**Source records**
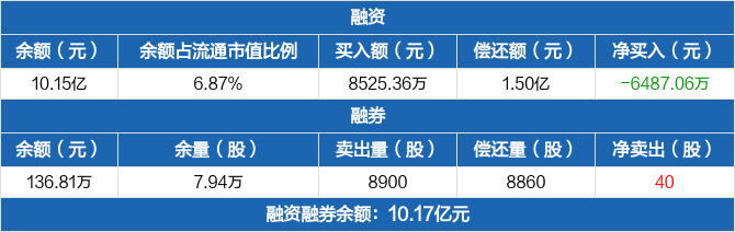 汇成股份:融资净偿还6487.06万元,融资余额10.15亿元(12-23)
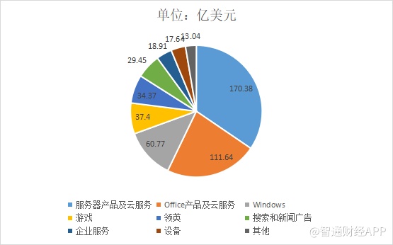 细分来看,在微软各业务板块中,营收占比最大的分别是服务器及云服务、办公软件Office及云服务、Windows操作系统,金额分别为170.38亿美元、111.64亿美元、60.77亿美元,占总营收比例分别为34%、23%、12%。
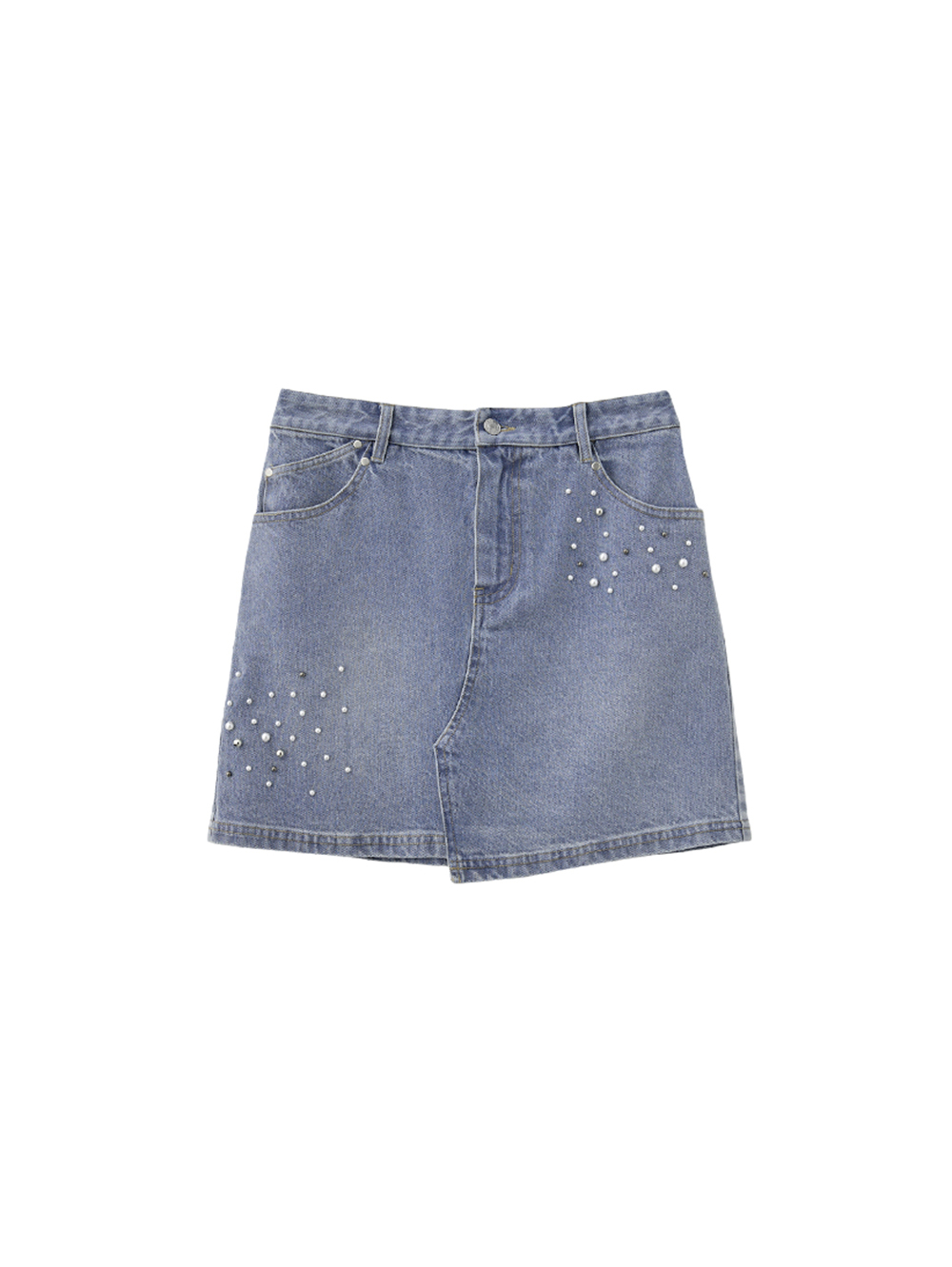 JOAN珍珠裝飾不對稱牛仔短裙-藍 JOAN珍珠裝飾不對稱牛仔短裙-藍 JOAN珍珠裝飾不對稱牛仔短裙-藍
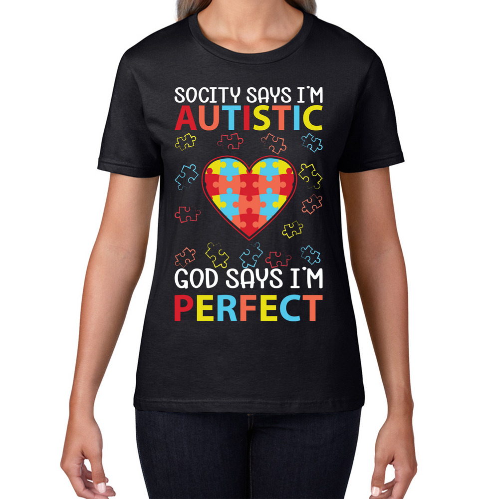Society Says I'm Autistic God Says I'm Perfect Autism Awareness Ladies T Shirt
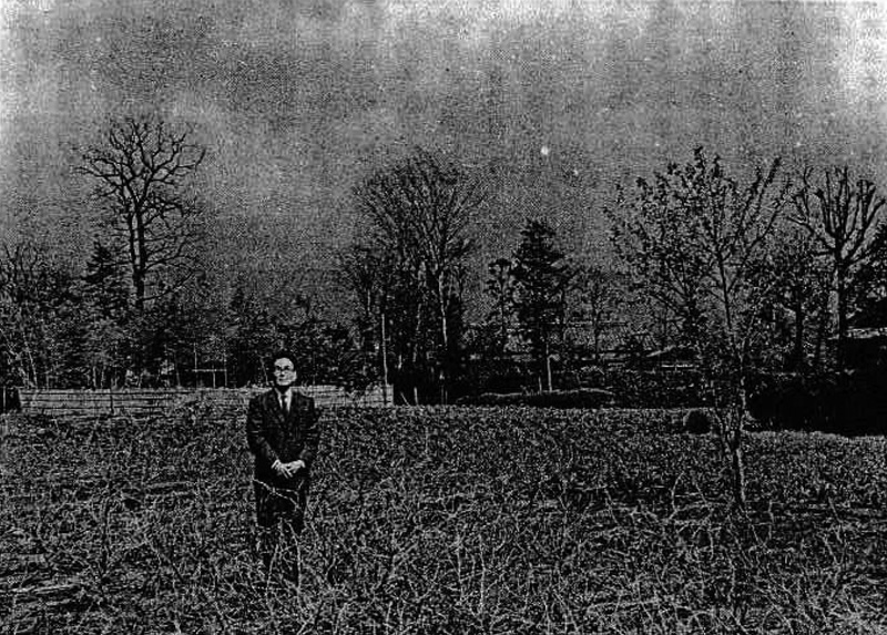 【図40】橋本憲三3/畑のなかから「森の家」を眺める早春の日 出典:『高群逸枝雑誌』第6号、責任者・橋本憲三、発行所・高群逸枝雑誌編集室、1970年1月1日、27頁。

**Problem details**
Hand back the data above exactly, with no images.

**Result**
 汇成股份:融资净偿还6487.06万元,融资余额10.15亿元(12-23)
 细分来看,在微软各业务板块中,营收占比最大的分别是服务器及云服务、办公软件Office及云服务、Windows操作系统,金额分别为170.38亿美元、111.64亿美元、60.77亿美元,占总营收比例分别为34%、23%、12%。
 JOAN珍珠裝飾不對稱牛仔短裙-藍 JOAN珍珠裝飾不對稱牛仔短裙-藍 JOAN珍珠裝飾不對稱牛仔短裙-藍
Society Says I'm Autistic God Says I'm Perfect Autism Awareness Ladies T Shirt
 【図40】橋本憲三3/畑のなかから「森の家」を眺める早春の日 出典:『高群逸枝雑誌』第6号、責任者・橋本憲三、発行所・高群逸枝雑誌編集室、1970年1月1日、27頁。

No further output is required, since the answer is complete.